Note that the change to Pick proposed there would simply make Omit<T, "foo"> a no-op for types with indexers… which isn't quite the behavior I'd want to see (namely, dropping the type information for "foo"), but is an improvement over the current behavior IMO, and could allow for further Omit improvements. Playground

[MartinJohns]

This is not a bug, this is working as intended. A change to omit has been proposed and rejected already. There are implementations out there (even in the issues linked) that work as you want by first excluding the Index signature.

[TrevorBurnham]

Sorry, I realize I'm bringing up something that's been brought up before, but I'm looking through the linked issues and struggling to find what you're describing. Where was a change to Omit proposed, and why was it rejected?

[RyanCavanaugh]

The problem is that a mapped type doesn't "know" what's it's doing from a higher level; all it sees is a collection of keys and some transformation to do to those keys. Since we (humans) made a type alias and named it Omit, we know that it's a function for removing properties, and since we (humans) made a type alias and named it Pick, we know that it's a function for picking individual properties. But all the mapped type is doing is operating over the set of keys of the object, and this object includes the unbounded keyset string, so the resultant type has to have the key string, with its associated type. This is consistent with its most straightforward interpretation, albeit maybe not exactly what you expected to happen given the higher-level operation you think is being implied by these human-named Omit and Pick aliases.

[TrevorBurnham]

But all the mapped type is doing is operating over the set of keys of the object, and this object includes the unbounded keyset string, so the resultant type has to have the key string, with its associated type.

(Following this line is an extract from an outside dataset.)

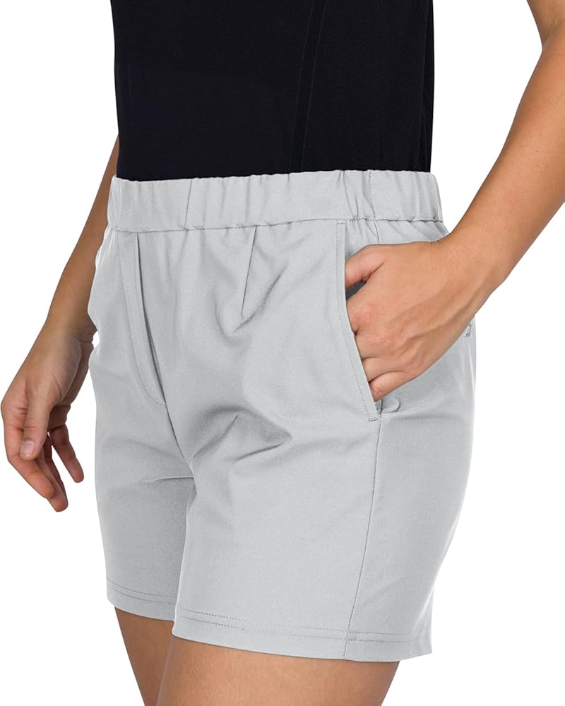 QUICK DRY FABRIC: Stay cool and dry with these moisture wicking golf shorts. Made of 90% Polyester and 10% Spandex, these womens shorts absorb and wick perspiration at lightning speed.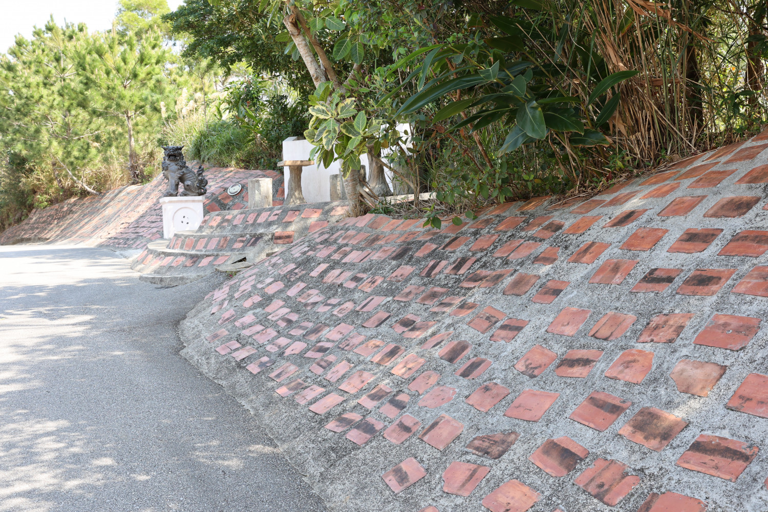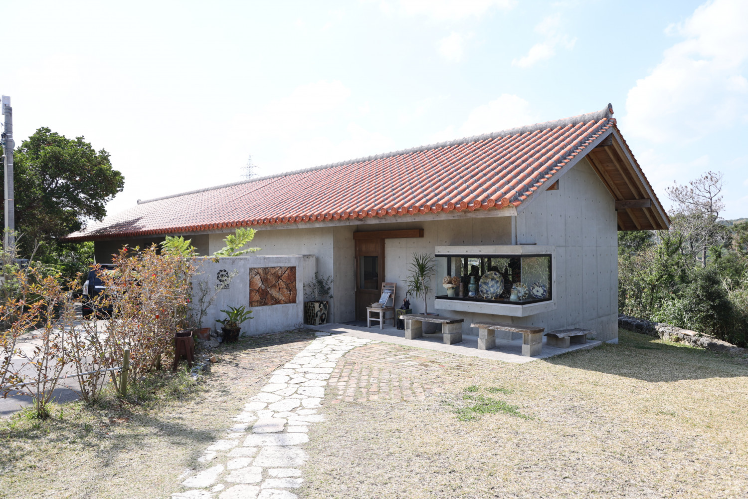 やちむんの里を歩くと、シンボルである沖縄らしい赤瓦の登り窯を中心に、工房や売店があちこちに点在しています。緑溢れる環境で、制作途中の器がずらりと天日干しされている光景や、あちこちに佇むシーサーなどを見ているだけで、幸せを感じます。こののんびりとした空気感も作品の大らかさに影響を与えているようです。

That's true, but I'm not sure how that explains why Omit necessarily needs to lead to the behavior on this ticket. Returning to an example:

type NamedPlayer = {
  name: string;
  extraLives: number;
  [key: string | number]: unknown;
}

// Current behavior of Omit<NamedPlayer, 'name'>
type OmitResult1 = {
  [key: string | number]: unknown;
}

// Suggested behavior of Omit<NamedPlayer, 'name'>
type OmitResult2 = {
  extraLives: number;
  [key: string | number]: unknown;
}

As far as I can tell, an Omit utility that fits your description could return either OmitResult1 or OmitResult2. The only difference is that the current Omit implementation removes types associated with individual keys when an unbounded keyset exists. I understand why that's the case, but I don't understand why it's necessarily the case.

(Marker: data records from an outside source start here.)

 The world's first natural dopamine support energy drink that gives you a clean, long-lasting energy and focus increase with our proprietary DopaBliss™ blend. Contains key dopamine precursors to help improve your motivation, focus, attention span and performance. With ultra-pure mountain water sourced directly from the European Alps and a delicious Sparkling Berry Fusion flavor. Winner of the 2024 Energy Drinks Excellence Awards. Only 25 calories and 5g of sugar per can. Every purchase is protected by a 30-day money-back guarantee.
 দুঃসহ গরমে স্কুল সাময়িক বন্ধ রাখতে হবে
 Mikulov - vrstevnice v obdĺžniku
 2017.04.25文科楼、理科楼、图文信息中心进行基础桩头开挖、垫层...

In terms of implementation: Since keyof T loses information when T has an indexer, is it conceivable for Omit to be based on some abstraction other than keyof? Since types are allowed to contain both an indexer and individual keys, I'd imagine that an operator that preserves all of that information would be very useful. A hand-wavy hypothetical:

keyof NamedPlayer; // string | number
propertyof NamedPlayer; // 'name' | 'extraLives' | Indexer<string | number>

[typescript-bot]

This issue has been marked as a 'Duplicate' and has seen no recent activity. It has been automatically closed for house-keeping purposes.